Because of my own interests, I was fascinated to read that virtually every great scientist in every field, as well as all philosophers, rated “consciousness” as science’s top question. This question, more than any other, produced significant disagreement as to whether a scientific treatment was possible. Question number two was the cosmology question: Why is there something instead of nothing? Most expected great progress but no psychologically satisfying answer. We already have a key part of the answer: “Nothing” is unstable in quantum mechanics. But why does reality obey quantum mechanics instead of nothing mechanics? Horgan’s thesis on questions like this is that we’ll still reach an end-point, a point where we can prove we can’t go any further. Like squaring the circle in geometry, proving it can’t be done also counts as solving the problem.
My biggest beef with The End of Science is Horgan’s secondary thesis, predicting the growth of what he calls “Ironic Science,” by which he means a science degenerating into untestable theories to be judged by essentially poetic criteria. His paradigmatic example is superstring theory, which has stood for nearly two decades now as theoreticians’ favorite “final” theory in physics. While it is indeed a final theory, it requires a particle accelerator thousands of light-years across to test it.
My answer to Ironic Science is, “They said that before.” No less than Albert Einstein confidently predicted that a phenomenon called “gravitational lensing,” mandated by his general theory of relativity, would remain forever beyond practical observation. Not only has gravitational lensing been observed, but a recent Hubble telescope photo (available on the Internet) shows it so dramatically you think you can reach out and touch it. Horgan has no “The End of Mathematics” chapter, although the subject is touched upon, and therein, I submit, is the fallacy of Ironic Science.

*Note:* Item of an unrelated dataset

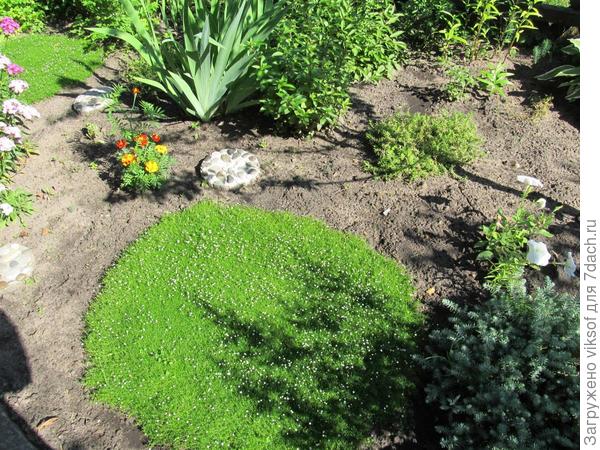 Стоит огораживать все, вплоть до цветников и кустарников. Грядки — бревнами и досками, а цветники — камнями. Иногда они как-то сами собой превращаются в рокарии. Все, что растет снаружи от бордюров, вас волновать не должно: берёте косилку и подкашиваете. И тогда вы увидите, как мало остаётся почвы, требующей трудоемкой обработки и ухода!
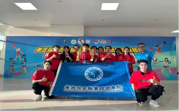 本次运动操舞锦标赛汇聚了来自全区各高校的优秀运动员,竞争异常激烈。学校公共教学部对本次锦标赛高度重视,选派体育教研组老师于海担任领队、陈采铃担任主教练,10名学生组队代表学校参赛。经过2个多月的紧张备赛,在激烈的角逐中,校运动操舞代表队厚积薄发、首战夺冠,荣获高职高专组街舞齐舞、街舞啦啦操(自选)两个集体项目冠军;霹雳舞个人赛中,2023级室内艺术设计2班王义聪、陈光胜两名学子表现优异,从海选、32进16强,16进8强,8进4强一路过关斩将,脱颖而出,王义聪荣获霹雳舞项目本科、高职高专组总冠军,陈光胜止步4强。

It is not that superstring theory makes no predictions testable within reasonable engineering constraints, but that we lack the mathematics/com-puter-power combination to make those predictions. It is within our foreseeable engineering capability, for instance, to measure the half-life of radium to the tenth decimal place. Superstring theory, being a proper theory-of-everything, predicts the exact half-life of radium. So therein might be a test of the theory. Just one problem: nobody is smart enough to make the calculation. Yet. But history has proven over-and-over that mathematical and scientific ingenuity can find ways around the brute-force, thousand-light-year accelerator, approaches. Who would have thought important information about life on Mars was sitting under our noses in Antarctica?
Another criticism of the book, particularly the later chapters, is that it blithely assumes that human civilization will advance forever, at least to the best of its ability, eventually doing such things as transforming us from our biological bodies to less vulnerable platforms. There are more ominous possibilities. Over the past few decades, we have made a modest but respectable effort to listen for other civilizations in the cosmos and have come up blank. One obvious possibility this suggests is that perhaps advanced civilizations are unstable and can last only a few hundred years. As humanists, we know humanity is not the purpose of the universe and that there are no guarantees. There is nothing about humanity, absolutely nothing, you can graph over the twentieth century, from population to speed of travel, that looks like the graph of a stable system. We aren’t many years from the time, just to name one scenario, where a computer hacker could design a diabolical virus of the biological kind and put its DNA code on the Internet disk waiting to be (accidentally?) synthesized by a gene-synthesis machine. (Elementary gene synthesis machines already exist.)
These criticisms aside, this book is must reading for humanists or anyone else who considers science the source of human knowledge.